Again, store the results of glmnet() in a list object, here named model. List the model’s estimated slope coefficients from the beta component of the list.
model <- glmnet(X, y, alpha=0, lambda=lambdaBest, standardize=TRUE)
coef(model)11 x 1 sparse Matrix of class "dgCMatrix"
s0
(Intercept) -0.399505099
cyl -0.350861273
disp -0.005087196
hp -0.009188777
drat 0.952590375
wt -0.815179900
qsec 0.148931830
vs 0.860501125
am 1.107400626
gear 0.479472234
carb -0.342755367
Some estimated coefficients are close to 0 but, unlike lasso regularization, none of the predictor variables have disappeared from the model.
6.2.2 Evaluate Fit
Get residuals from which to compute R-squared to evaluate model fit. Function predict().glmnet calculates the fitted values, \(\hat y\), from the model and the given values of X that remain in the model. Because the fitted model is of class glmnet, can refer to the predict function simply as predict() and R will figure out what version of the function to use.

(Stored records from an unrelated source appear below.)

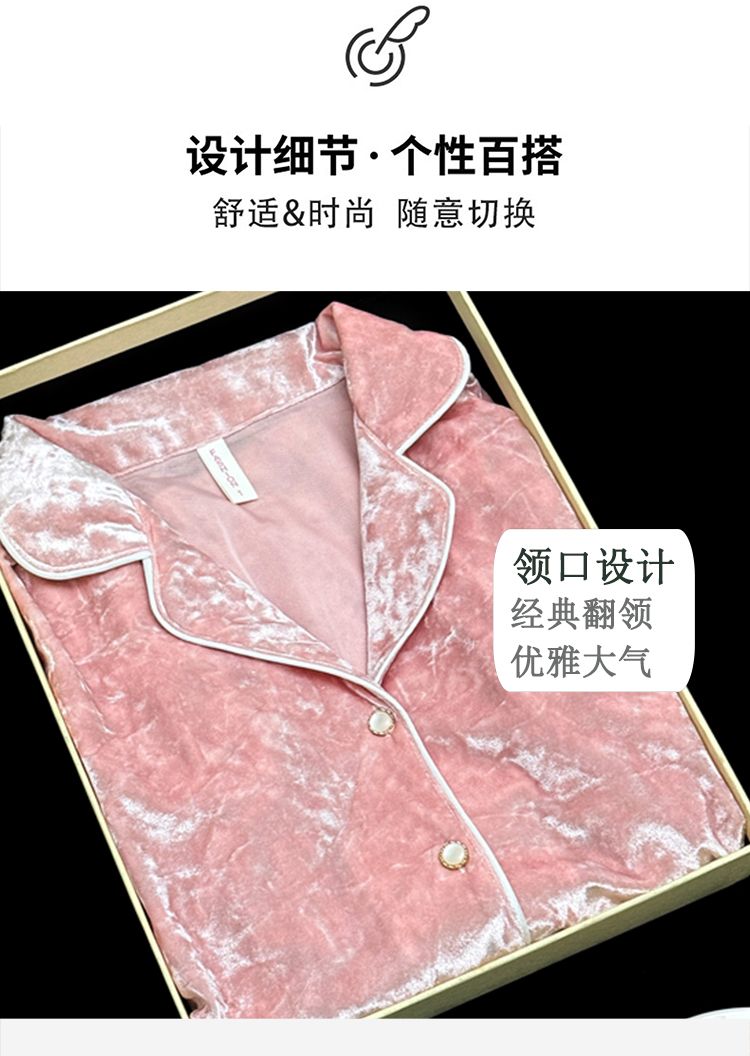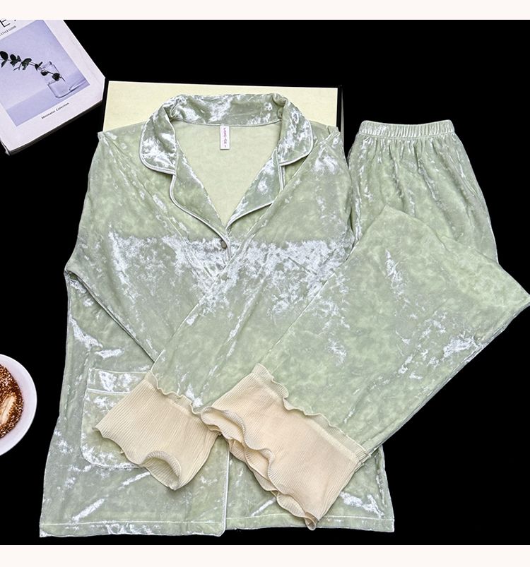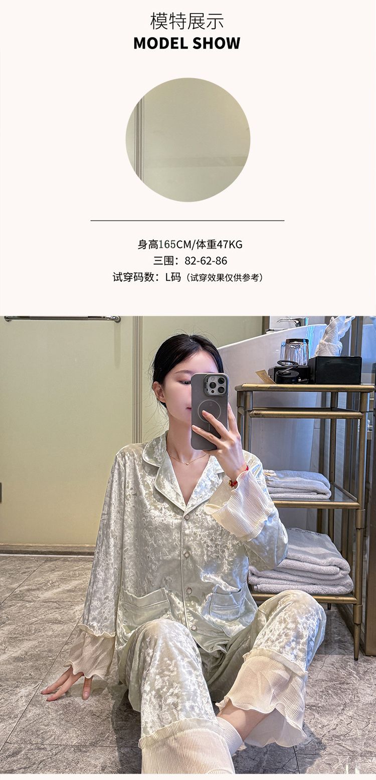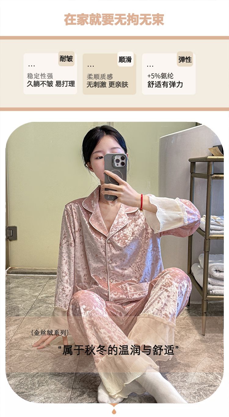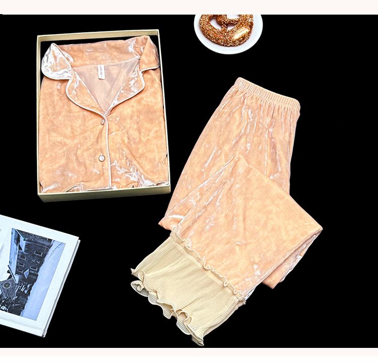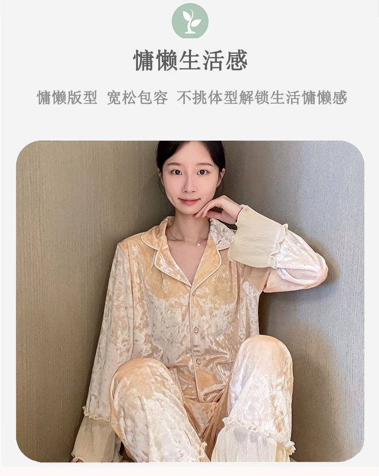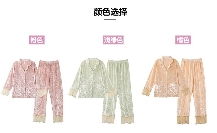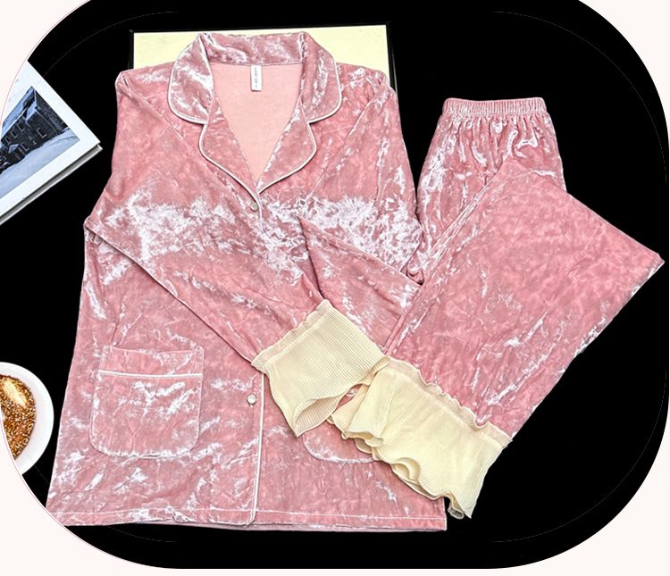 MY15115# 金钻绒蕾丝花边翻领开衫长袖睡衣女套装家居服女裝貨源服裝批發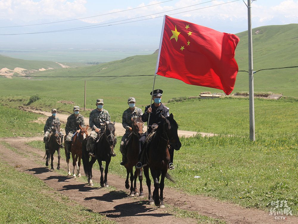 △新疆伊犁昭蘇縣洪土溝邊境檢查站民警和護(hù)邊員在邊境線(xiàn)踏查。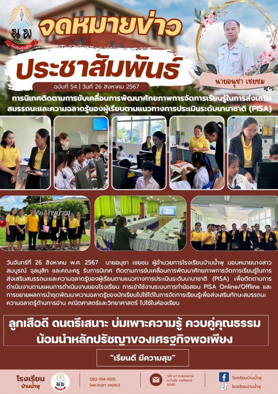 การนิเทศติดตามการขับเคลื่อนการพัฒนาศักยภาพการจัดการเรียนรู้ในการส่งเสริมสมรรถและความฉลาดรู้ของผุ็เรียนตามแนวทางการประเมินระดับนานาชาติ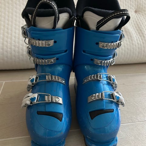 skistøvler for barn i størrelse 19,5., tilsvarer ca str 30. Modellen er i rød farge med svart og grå innersko. Støvlene har justerbar spenne over vristen for bedre tilpasning og støtte. Myk, polstret innersko gir komfort og varme. Egnet til alpint bruk for barn som trenger stabile og enkle skistøvler.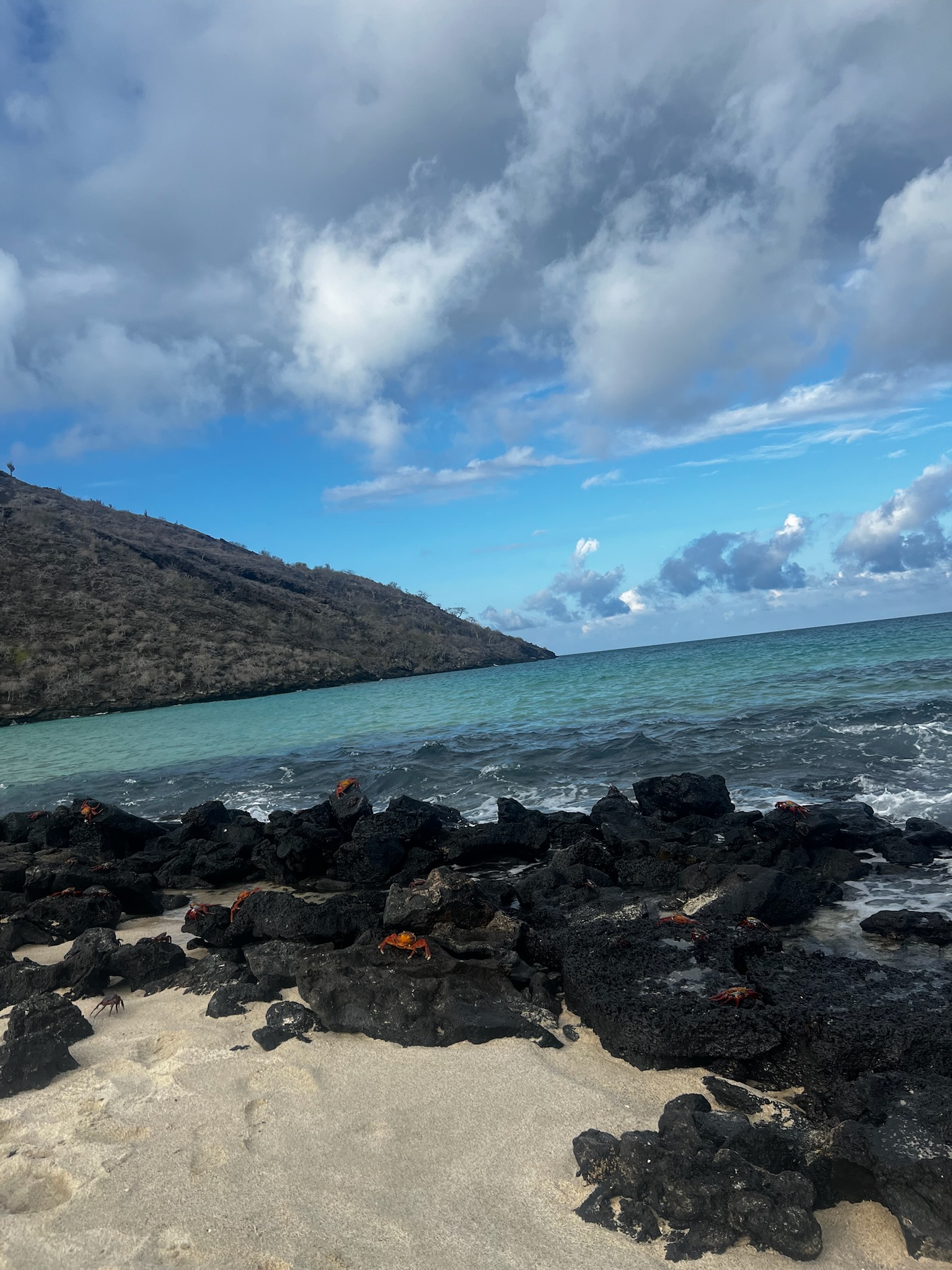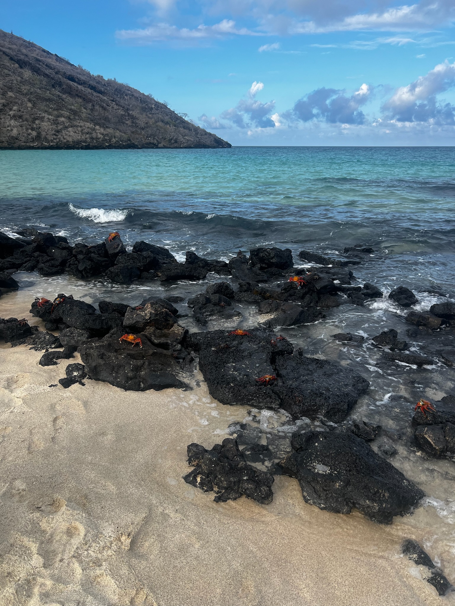 Red Sand Beach, located on the remarkable Rábida Island in the Galápagos, is famed for its striking red-colored sand, a result of the high iron content in the volcanic material. This vibrant beach is not just a visual spectacle; it’s also a wildlife sanctuary. The contrast of the red sand against the turquoise sea creates a stunning natural palette that enchants visitors. Home to a colony of sea lions, marine iguanas, and an array of bird species, Red Sand Beach offers exceptional opportunities for wildlife viewing and photography. The shallow waters around the beach are ideal for snorkeling, allowing visitors to explore the rich marine life beneath the waves. Rábida’s Red Sand Beach exemplifies the unique beauty and ecological diversity of the Galápagos Islands, making it a must-visit destination for nature lovers and adventure seekers alike.

\(R^2\) equals the correlation of the actual data values, \(y\), with the fitted data values, \(\hat y\). Compute the correlation with the R function cor().
y_hat <- predict(model, X)
rsq <- cor(y, y_hat)^2
rsq s0
mpg 0.8424074
\(R^2=\) 0.842 for the lasso regression model with \(\lambda=\) 11.089.
When comparing to standard OLS regression, on the training data the Ridge regression \(R^2=\) 0.842 is a little lower than the OLS \(R^2=0.869\), as it must be given that the OLS model minimizes SSE, the sum of squared errors.